Kilo Code: The Open Source AI Coding Agent from GitLab's Founder

If you're searching for "Kilo Code," you're probably evaluating AI coding agents and wondering whether an open source option from GitLab's co-founder is worth your attention.

Short answer: yes, if you want model flexibility and transparent tooling. Kilo Code is an open source coding agent that works with VS Code, JetBrains, Cursor, and Windsurf. Unlike closed alternatives, you can inspect the code, bring your own models, and extend it however you want.

What is Kilo Code?

Kilo Code is an AI coding agent built for end-to-end development work—not just autocomplete. It can generate code, refactor across multiple files, debug, write documentation, run terminal commands, and orchestrate multi-step workflows.

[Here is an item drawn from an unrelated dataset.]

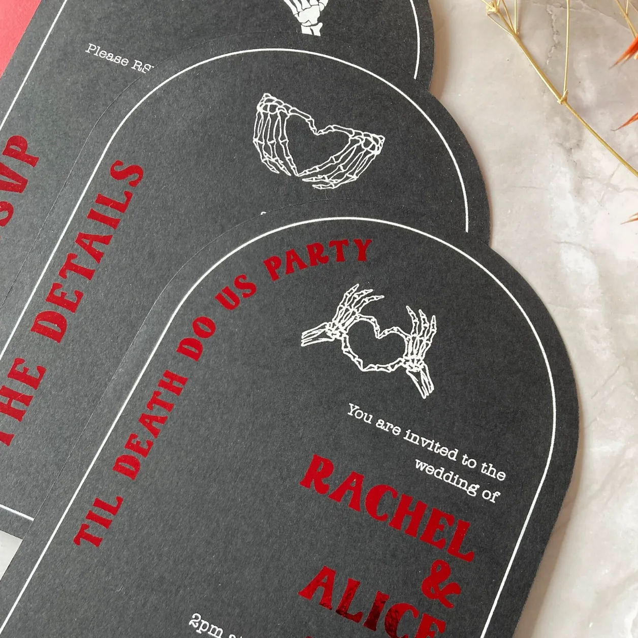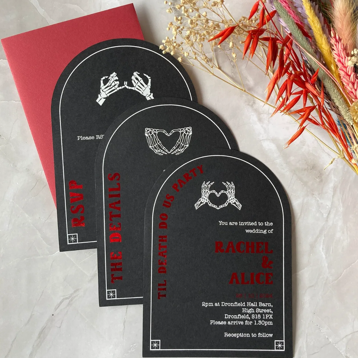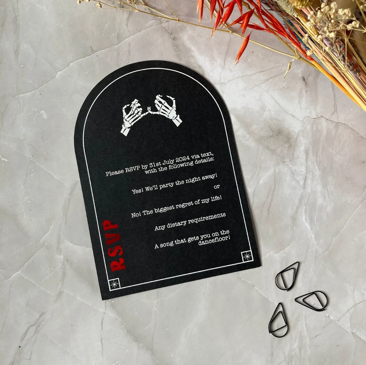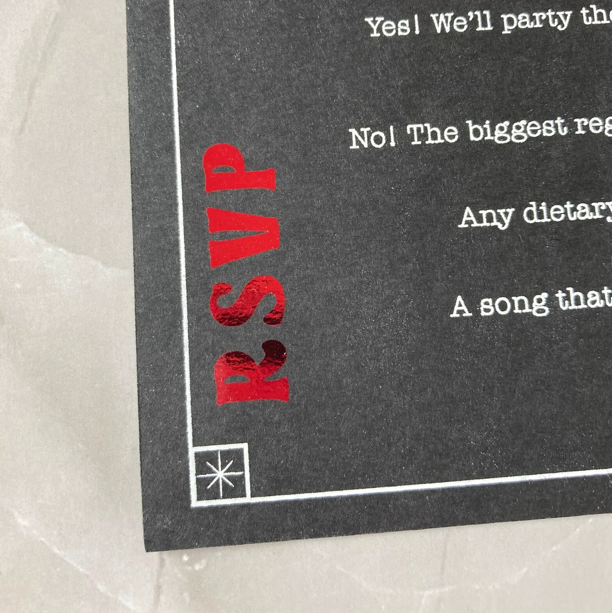 - RSVP – digital white ink and red foil on 5×7 black arched shape card.

The project was founded by Sid Sijbrandij (GitLab co-founder and former CEO) and launched in March 2025. In December 2025, Kilo raised $8 million in seed funding to scale the platform.^1

Key differentiators:

  • Open source: Full visibility into how the agent works. Fork it, extend it, audit it.

  • Model-agnostic: Use OpenAI, Anthropic, Google, Mistral, Meta's Llama, or self-hosted models. Switch freely.

  • Multi-mode workflow: Separate modes for asking questions, architecting, coding, debugging, and orchestrating—each tuned to a different stage of development.

Kilo Code's Workflow Modes

Unlike single-purpose assistants, Kilo breaks development into distinct modes:

Ask mode: General questions, explanations, documentation. The conversational layer.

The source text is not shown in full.